▶ _SOURCE DATA_:
*** Block opens ***

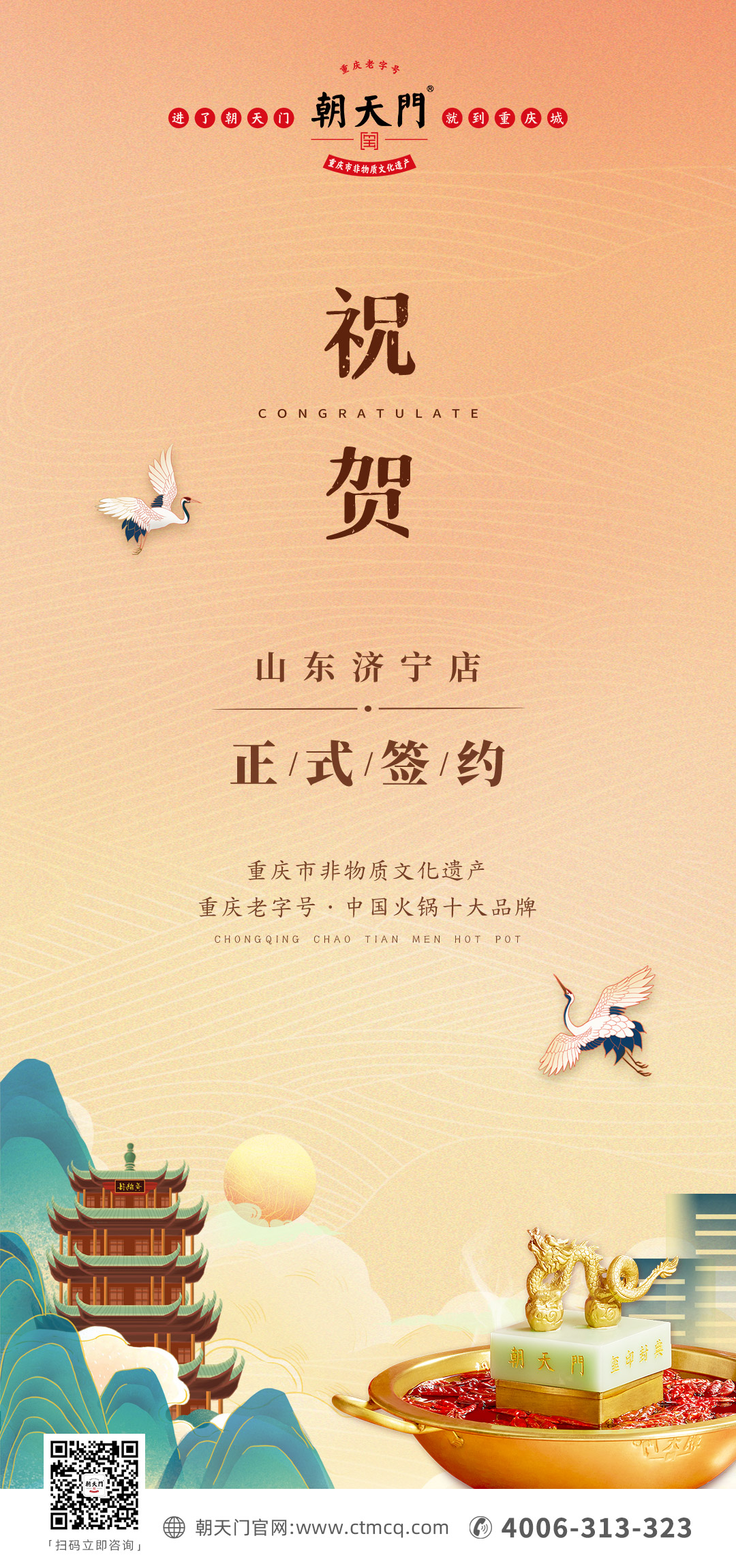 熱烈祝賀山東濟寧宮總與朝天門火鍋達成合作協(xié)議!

*** Block closes ***
*** Block opens ***

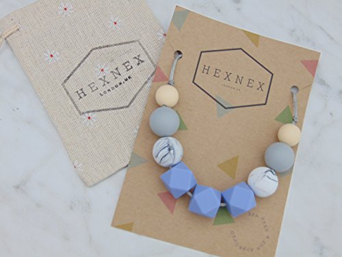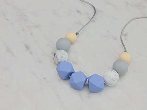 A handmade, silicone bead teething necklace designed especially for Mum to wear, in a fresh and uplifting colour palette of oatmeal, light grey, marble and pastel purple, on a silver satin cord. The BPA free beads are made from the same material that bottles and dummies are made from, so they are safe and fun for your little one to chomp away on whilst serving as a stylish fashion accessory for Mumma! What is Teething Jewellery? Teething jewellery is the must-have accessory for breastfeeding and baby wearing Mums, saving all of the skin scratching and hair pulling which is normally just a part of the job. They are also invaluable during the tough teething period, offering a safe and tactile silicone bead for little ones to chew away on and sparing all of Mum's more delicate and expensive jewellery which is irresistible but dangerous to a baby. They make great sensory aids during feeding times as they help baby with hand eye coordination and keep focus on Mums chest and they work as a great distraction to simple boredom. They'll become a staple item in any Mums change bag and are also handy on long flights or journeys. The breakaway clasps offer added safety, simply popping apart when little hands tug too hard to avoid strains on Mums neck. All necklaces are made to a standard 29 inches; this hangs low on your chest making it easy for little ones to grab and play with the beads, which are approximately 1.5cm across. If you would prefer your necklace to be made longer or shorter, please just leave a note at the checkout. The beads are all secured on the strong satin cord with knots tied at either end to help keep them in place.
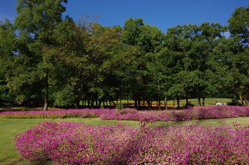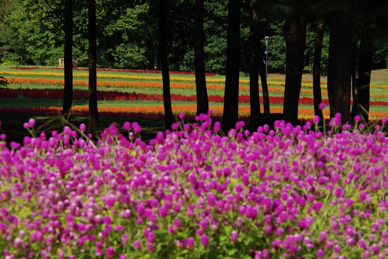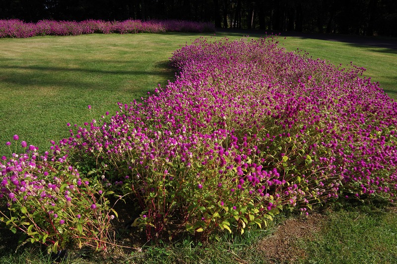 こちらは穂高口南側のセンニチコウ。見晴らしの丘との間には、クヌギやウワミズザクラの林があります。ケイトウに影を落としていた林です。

*** Block closes ***

▶ _YOUR INSTRUCTIONS_:
Return exactly the lines that appear in the data above between the line containing "A handmade, silicone" and the line containing "こちらは穂高口南側のセンニチ", both of which are included, and leave the pictures out.

▶ _ANSWER TO THE EXERCISE_:
 A handmade, silicone bead teething necklace designed especially for Mum to wear, in a fresh and uplifting colour palette of oatmeal, light grey, marble and pastel purple, on a silver satin cord. The BPA free beads are made from the same material that bottles and dummies are made from, so they are safe and fun for your little one to chomp away on whilst serving as a stylish fashion accessory for Mumma! What is Teething Jewellery? Teething jewellery is the must-have accessory for breastfeeding and baby wearing Mums, saving all of the skin scratching and hair pulling which is normally just a part of the job. They are also invaluable during the tough teething period, offering a safe and tactile silicone bead for little ones to chew away on and sparing all of Mum's more delicate and expensive jewellery which is irresistible but dangerous to a baby. They make great sensory aids during feeding times as they help baby with hand eye coordination and keep focus on Mums chest and they work as a great distraction to simple boredom. They'll become a staple item in any Mums change bag and are also handy on long flights or journeys. The breakaway clasps offer added safety, simply popping apart when little hands tug too hard to avoid strains on Mums neck. All necklaces are made to a standard 29 inches; this hangs low on your chest making it easy for little ones to grab and play with the beads, which are approximately 1.5cm across. If you would prefer your necklace to be made longer or shorter, please just leave a note at the checkout. The beads are all secured on the strong satin cord with knots tied at either end to help keep them in place.
 こちらは穂高口南側のセンニチコウ。見晴らしの丘との間には、クヌギやウワミズザクラの林があります。ケイトウに影を落としていた林です。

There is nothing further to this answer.